La synthèse en provenance de Terre Sainte est révélatrice à ce sujet: «dans une Église où presque tous les décideurs sont des hommes, il existe peu d’espaces où les femmes peuvent faire entendre leur voix. Pourtant, elles constituent l’épine dorsale des communautés ecclésiales, à la fois parce qu’elles représentent la majorité des pratiquants et parce qu’elles sont parmi les membres les plus actifs de l’Église». Selon le document, l’Église est donc confrontée à deux défis liés l’un à l’autre: «les femmes restent la majorité de ceux qui assistent à la liturgie et participent aux activités. Les hommes sont une minorité. Pourtant, la plupart des rôles de décision et de gouvernance sont occupés par ces derniers. Il est clair que l’Église doit trouver des moyens d’attirer les hommes vers une adhésion plus active à l’Église et permettre aux femmes de participer plus pleinement à tous les niveaux de la vie ecclésiale».
Discrimination à l’égard des personnes handicapées
Les personnes handicapées parlent également d’un manque de participation et de reconnaissance: «les formes de discrimination énumérées – absence d’écoute, violation du droit de choisir où et avec qui vivre, refus des sacrements, accusations de sorcellerie, abus – et autres, décrivent la culture du rejet des personnes handicapées. Elles ne sont pas le fruit du hasard, mais ont en commun la même racine: l’idée que la vie des personnes handicapées a moins de valeur que celle des autres».
Les témoignages de persécution et de martyre
Le document met en évidence le témoignage de foi vécue jusqu’au martyre dans certains pays, où les chrétiens, en particulier les jeunes, sont confrontés au «défi de la conversion forcée systématique à d’autres religions». De nombreuses synthèses soulignent «l’insécurité et la violence auxquelles sont confrontées les minorités chrétiennes persécutées». On parle de fanatisme, de massacres ou même – affirme l’Église maronite – de «formes d’incitation sectaire et ethnique» dégénérant en conflits armés et politiques, qui rendent particulièrement douloureuse la vie de nombreux fidèles dans le monde. Toutefois, même dans ces «situations de fragilité», les communautés chrétiennes «ont su saisir l’invitation qui leur était adressée de construire des expériences de synodalité et de réfléchir à ce que signifie marcher ensemble».

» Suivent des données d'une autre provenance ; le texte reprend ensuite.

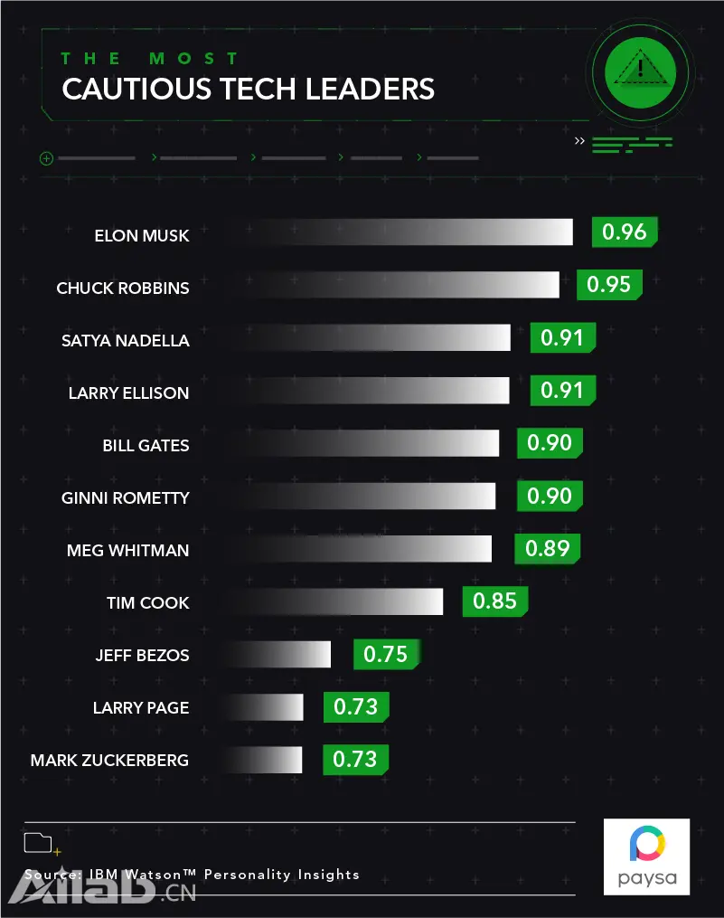 在谨慎方面,其余排名如下:微软CEO萨蒂亚·纳德拉排名第三,比尔盖茨排名第五,看来微软的领导层都是谨慎派。苹果的库克排名第八,谷歌母公司拉里·佩奇和Facebook小扎排名后两位垫底。

La défense de la vie «fragile»
L’engagement du Peuple de Dieu dans la défense de la vie fragile et menacée dans toutes ses phases, émerge également de façon importante. Par exemple, pour l’Église gréco-catholique ukrainienne, «prêter une attention particulière aux femmes qui décident d’avorter par peur de la pauvreté matérielle et du rejet par les familles en Ukraine» fait partie de la synodalité, tout autant que «promouvoir un travail éducatif des femmes qui sont appelées à faire un choix responsable lorsqu’elles traversent une période difficile de leur vie, dans le but de préserver et de protéger la vie des enfants à naître et de prévenir le recours à l’avortement».